=== Begin Enclosure ===

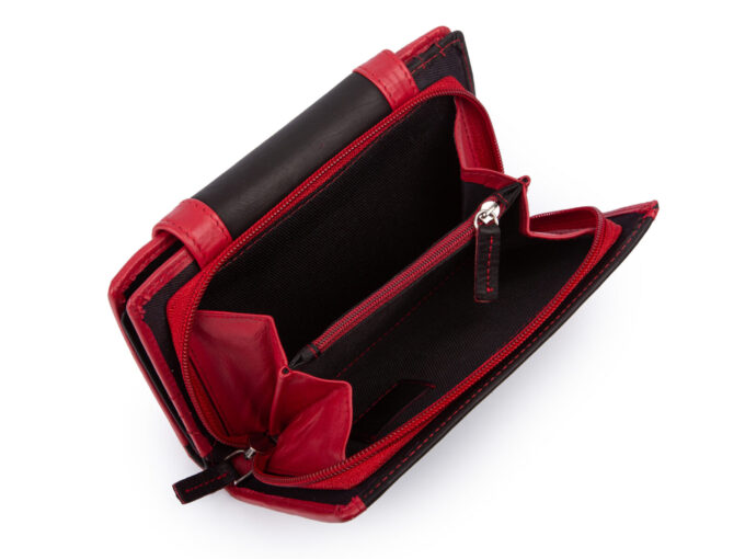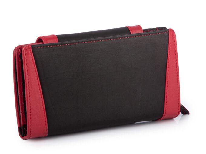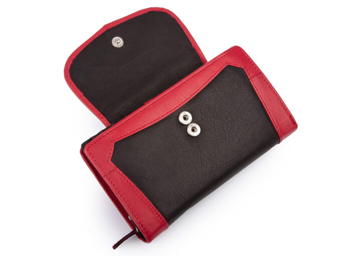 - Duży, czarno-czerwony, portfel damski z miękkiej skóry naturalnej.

=== End Enclosure ===
=== Begin Enclosure ===

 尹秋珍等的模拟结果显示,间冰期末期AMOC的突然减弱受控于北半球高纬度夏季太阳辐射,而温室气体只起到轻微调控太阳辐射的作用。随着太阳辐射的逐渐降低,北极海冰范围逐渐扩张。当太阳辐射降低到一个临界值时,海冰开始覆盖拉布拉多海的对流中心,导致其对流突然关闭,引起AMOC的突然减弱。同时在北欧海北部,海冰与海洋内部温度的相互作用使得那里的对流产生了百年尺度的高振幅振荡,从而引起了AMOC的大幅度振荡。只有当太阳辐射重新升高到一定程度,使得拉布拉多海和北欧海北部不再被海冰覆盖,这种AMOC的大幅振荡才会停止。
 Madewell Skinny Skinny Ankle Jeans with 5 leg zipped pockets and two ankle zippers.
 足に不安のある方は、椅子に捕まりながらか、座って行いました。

=== End Enclosure ===
=== Begin Enclosure ===

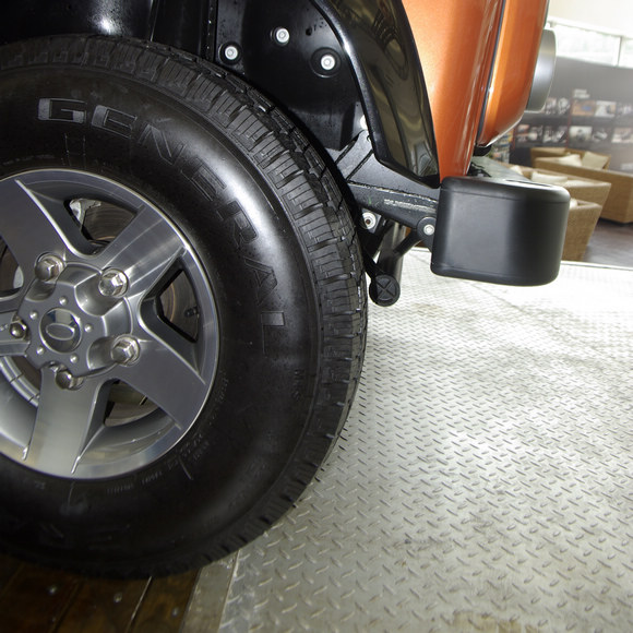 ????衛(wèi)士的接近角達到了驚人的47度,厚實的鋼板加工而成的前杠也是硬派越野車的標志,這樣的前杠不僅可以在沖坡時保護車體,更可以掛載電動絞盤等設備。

=== End Enclosure ===

What needs to be done =
Take from the material above the lines running from the one with "Madewell Skinny Skinny" through the one with "足に不安のある方は、椅子に捕まりながらか、座って行いました。", and repeat them exactly, with nothing else.

Result of the exercise =
 Madewell Skinny Skinny Ankle Jeans with 5 leg zipped pockets and two ankle zippers.
 足に不安のある方は、椅子に捕まりながらか、座って行いました。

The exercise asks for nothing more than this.